Extensive precautions were put in place, and most main roads in the country, including all roads to and from the city, were closed this morning when the worst of the storm hit. On the road by mt. Hafnarfjall between Reykjavík and Borgarnes, a steady wind speed of almost 30 metres per second and a particularly strong gust of wind measured 71 metres per second (159 miles per hour). Some roads have now been reopened in the south but road closures are still in effect in North Iceland. In North Iceland and the northern part of the Westfjords, some roads have been closed due to danger of avalanches.

The extreme weather caused power outages, mostly on the south coast but also in Hvalfjörður and Húsafell in West Iceland. On the south coast, power has been restored to Höfn but the surrounding area is still without power. The towns of Vík and Vestmannaeyjar are running on backup generators and hotels are packed with travellers unable to continue their journey due to road closures. Power outages in the south coast also caused hot water shortage in Hella and Hvolsvöllur. Repairs are in progress.

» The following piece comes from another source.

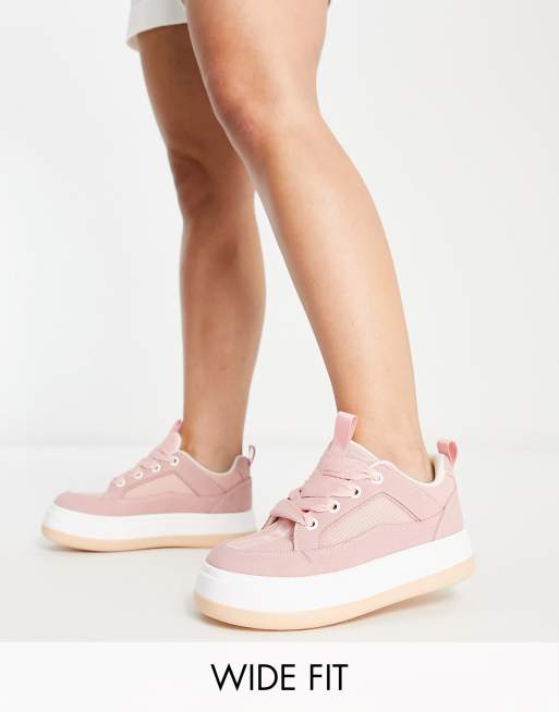 ASOS DESIGN – Dakota – Puderrosa sneakers i skaterstil med breda knytband och bred passform

Services in the city were suspended – kindergartens, schools and universities were closed, as well as post offices and health care centres, but since noon, most services are back to normal. A few instances have been reported of the wind tearing roof plates off buildings and bus stop shelters from the ground, requiring search and rescue volunteers to weigh them down to prevent further damage. In the greater Reykjavík area, the wind was felt the most in Kjalarnes, where the wind blew a roof partially off a building and sundecks off the ground.

Tourists watch boats in Reykjavík marina during extreme weather
Photo by Golli

On the Reykjanes peninsula, the wind in collaboration with high tides meant that tall waves crashed over residential areas, even flooding a house in Garður. A coastal street within Keflavík was closed due to tall waves crashing over the street. In Vestmannaeyjar, a boat was unmoored and later sank. Tall waves crashed over the Reykjavík harbour and boats were damaged.

Search-and-rescue volunteers had a busy night all over the country, with the first calls starting just after midnight. Few injuries have been reported, but in Hvalfjörður a man was hit by a roof plate that had been blown loose. He was transported to hospital in Reykjavík.

Search and Rescue volunteers deal with storm damages
Photo by Golli

While the extreme weather is subsiding in the south, an orange alert is still in place for the whole country today and travellers should consult www.safetravel.is before setting off. A thunderstorm is expected to hit the south coast tomorrow, a rare occurrence in Iceland.